### Work instructions
Take the records below and set down exactly the lines from the one with "Suknia NELA marki" to the one with "mit rotem Knäul", ends included; do not copy the pictures.

### Input material
%%

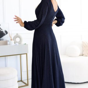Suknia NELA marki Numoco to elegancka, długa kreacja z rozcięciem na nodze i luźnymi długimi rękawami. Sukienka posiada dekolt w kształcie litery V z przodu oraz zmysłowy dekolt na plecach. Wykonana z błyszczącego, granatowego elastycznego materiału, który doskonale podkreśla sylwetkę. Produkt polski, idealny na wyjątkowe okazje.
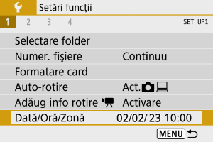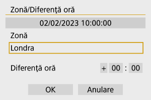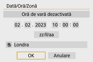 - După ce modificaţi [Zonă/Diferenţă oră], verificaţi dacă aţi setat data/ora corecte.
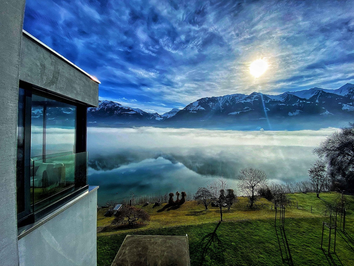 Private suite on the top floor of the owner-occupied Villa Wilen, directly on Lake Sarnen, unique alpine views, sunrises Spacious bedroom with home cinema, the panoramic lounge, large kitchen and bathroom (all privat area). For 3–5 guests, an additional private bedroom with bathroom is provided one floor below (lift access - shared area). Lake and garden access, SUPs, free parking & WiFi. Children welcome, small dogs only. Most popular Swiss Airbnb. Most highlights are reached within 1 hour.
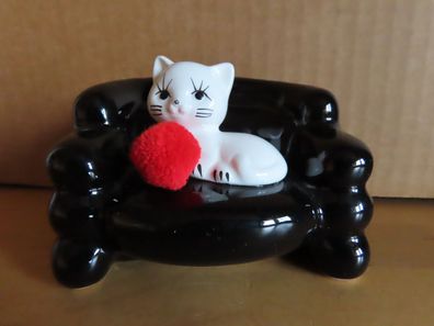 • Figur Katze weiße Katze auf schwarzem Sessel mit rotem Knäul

%%
%%

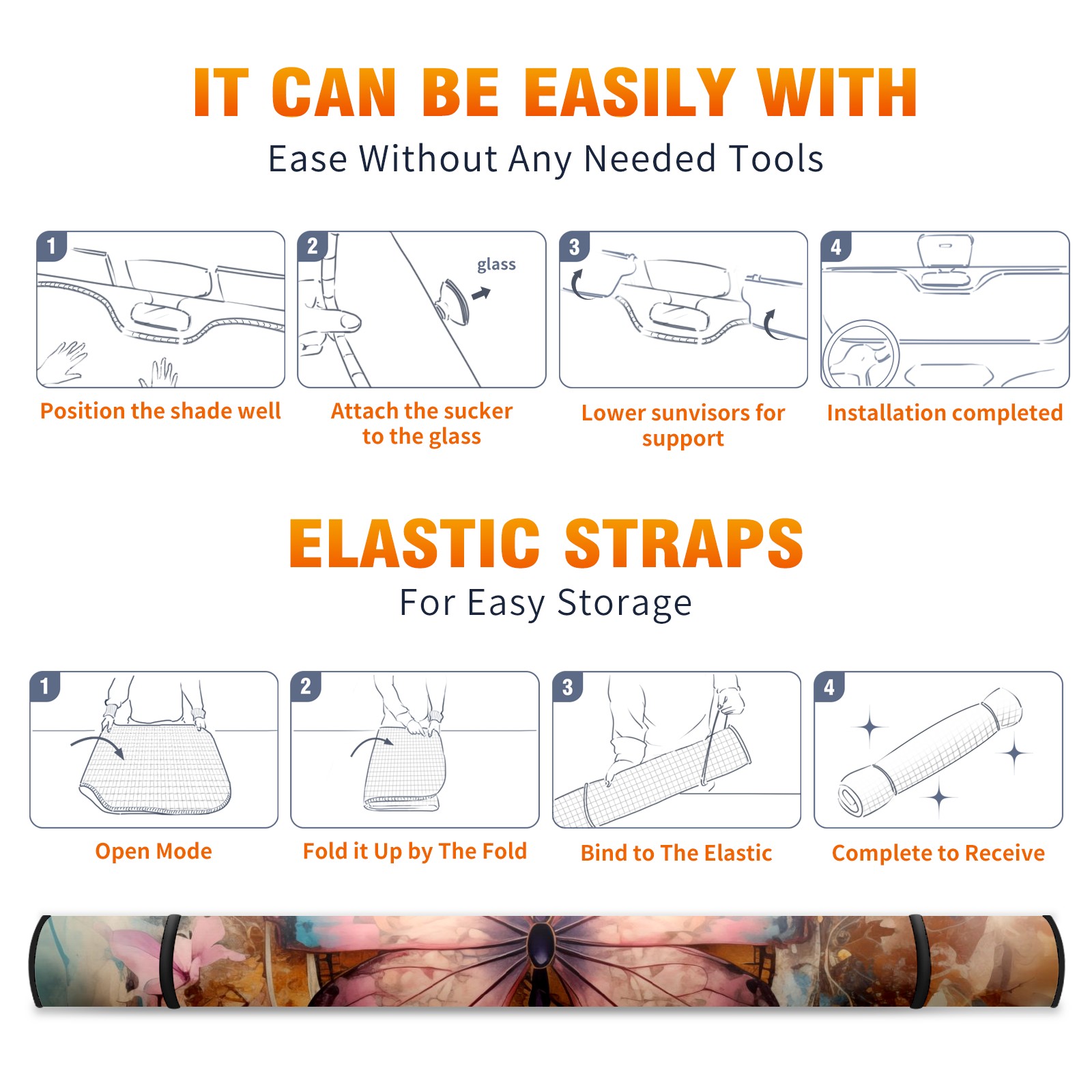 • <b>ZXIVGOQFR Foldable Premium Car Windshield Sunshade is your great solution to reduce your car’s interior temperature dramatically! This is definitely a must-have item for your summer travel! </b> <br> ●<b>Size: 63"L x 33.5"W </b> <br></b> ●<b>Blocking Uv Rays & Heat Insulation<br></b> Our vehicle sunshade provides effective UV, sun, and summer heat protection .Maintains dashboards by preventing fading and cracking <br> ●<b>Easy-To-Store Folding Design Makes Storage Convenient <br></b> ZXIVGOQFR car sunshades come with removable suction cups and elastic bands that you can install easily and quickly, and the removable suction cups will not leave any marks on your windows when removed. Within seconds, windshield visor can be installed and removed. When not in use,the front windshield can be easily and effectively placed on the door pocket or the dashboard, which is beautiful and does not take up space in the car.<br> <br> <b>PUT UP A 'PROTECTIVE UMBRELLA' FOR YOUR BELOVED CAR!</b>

%%
%%

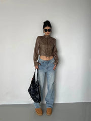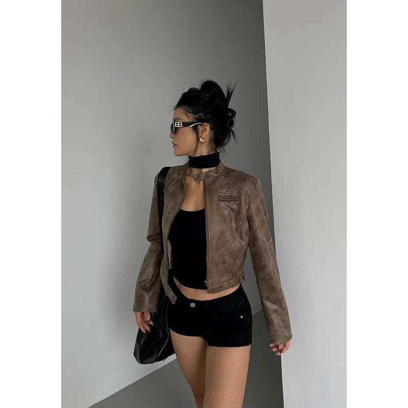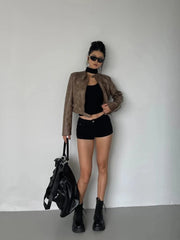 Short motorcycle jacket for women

%%

### Exercise result
Suknia NELA marki Numoco to elegancka, długa kreacja z rozcięciem na nodze i luźnymi długimi rękawami. Sukienka posiada dekolt w kształcie litery V z przodu oraz zmysłowy dekolt na plecach. Wykonana z błyszczącego, granatowego elastycznego materiału, który doskonale podkreśla sylwetkę. Produkt polski, idealny na wyjątkowe okazje.
 - După ce modificaţi [Zonă/Diferenţă oră], verificaţi dacă aţi setat data/ora corecte.
 Private suite on the top floor of the owner-occupied Villa Wilen, directly on Lake Sarnen, unique alpine views, sunrises Spacious bedroom with home cinema, the panoramic lounge, large kitchen and bathroom (all privat area). For 3–5 guests, an additional private bedroom with bathroom is provided one floor below (lift access - shared area). Lake and garden access, SUPs, free parking & WiFi. Children welcome, small dogs only. Most popular Swiss Airbnb. Most highlights are reached within 1 hour.
 • Figur Katze weiße Katze auf schwarzem Sessel mit rotem Knäul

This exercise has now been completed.